バヌアツの漁は、伝統的に「前浜」と呼ばれる浅瀬の沿岸部で行われてきた。女性は浅瀬を歩いて貝を拾い、男性はカヌーで少し深い所へ行き魚を捕る。現代においてもその生活は変わらない。だが近年、人口の増加に伴い、前浜の資源は急激に減少している。特に、食用や螺鈿細工の素材向けに輸出品としても経済価値の高かったヤコウガイは、1980年代後半〜90年代初頭に乱獲が進み、首都ポートビラのあるエファテ島からほぼ消えた。こうした状況は、漁師たちの収入を圧迫する一方、魚介類は肉よりも高値で売買されるようになった。

豊かな前浜を取り戻すには、適切な資源管理が必要になる。同国ではこれまで、コミュニティーをまとめるチーフ(酋長)が禁漁区を設定するなど、地域ごとに独自の資源管理が行われてきた。しかし、禁漁区以外では無計画に漁が続けられるなどその効果は限定的だった。
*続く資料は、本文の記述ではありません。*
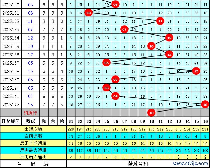 上期开出蓝球号码16,该号码在最近300期中出现了23次,其下期区分开出:蓝球05出现3次,蓝球01、04、08、11、13出现2次,蓝球02、03、06、09、10、12、14、15、16出现1次,蓝球07出现0次。本期五码蓝球参考02、04、05、10、15,独蓝存眷10。

そこで2006年に始まったのが、JICAの「豊かな前浜プロジェクト」だ。農業・畜産・林業・水産・検疫省(MALFFB)の水産局と共に、ヤコウガイやタカセガイ、シャコガイなど、資源の状況が観察しやすい貝類に焦点を絞り、エファテ島にある4つのコミュニティーで稚貝の放流や親貝の移植、資源管理計画づくりが行われた。

さらに、コミュニティー主体の資源管理も導入。2011年にエファテ島を含む3島で始まったプロジェクトの第2期では、特にこの活動に焦点が当てられた。同国でもともと行われていた資源管理の慣習を生かし、チーフの下に住民による資源管理委員会を組織し、禁漁区や禁漁期など、水産局の専門的な助言を踏まえた自主的な資源管理のルールづくりを進めた。組織作りを支援したアイ・シー・ネット株式会社の世古明也シニアコンサルタントは、「発言力の弱い若者や女性も委員会に加えることを水産局にアドバイスしてもらい、住民全体が資源管理に関われるようにしました」と語る。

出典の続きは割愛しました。